**Instructions for the task**
Look below for the line that contains "Bathrooms feature modern", then copy it and each following line to the end of the records, minus any pictures.

**Records supplied**
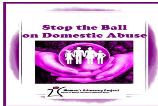
Domestic Violence Campaign
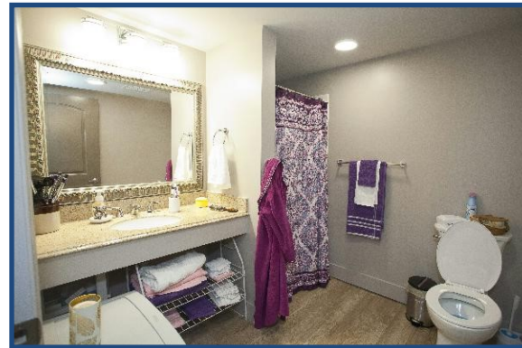
Bathrooms feature modern fixtures and granite counter tops with plenty of counter space. Walk-in showers are low threshold for easy entry. Our accessible units include barrier free showers with built-in shower seats , grab bars and a hand-held shower head for convenient use.
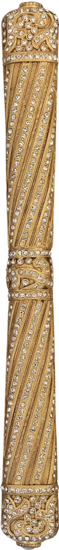
10340SG CC = 6" L = 8-1/4" P = 1-5/8"
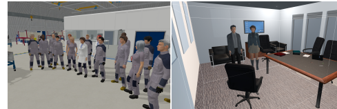
Figure 1: Scenarios: managers (left) and sales representatives (right) the user tests we carried out. We will finish by analyzing results and underlying the directions of our future works.

We propose a VR tool as a solution to identified limitations. Virtual Reality allows living virtual experiences, which can answer to realism and contextualization lack. This paper is organized as follows. On the next section, we will introduce related work. Afterward, we will present the VR prototype we implemented, and then

**Solution**
Bathrooms feature modern fixtures and granite counter tops with plenty of counter space. Walk-in showers are low threshold for easy entry. Our accessible units include barrier free showers with built-in shower seats , grab bars and a hand-held shower head for convenient use.
10340SG CC = 6" L = 8-1/4" P = 1-5/8"
Figure 1: Scenarios: managers (left) and sales representatives (right) the user tests we carried out. We will finish by analyzing results and underlying the directions of our future works.

We propose a VR tool as a solution to identified limitations. Virtual Reality allows living virtual experiences, which can answer to realism and contextualization lack. This paper is organized as follows. On the next section, we will introduce related work. Afterward, we will present the VR prototype we implemented, and then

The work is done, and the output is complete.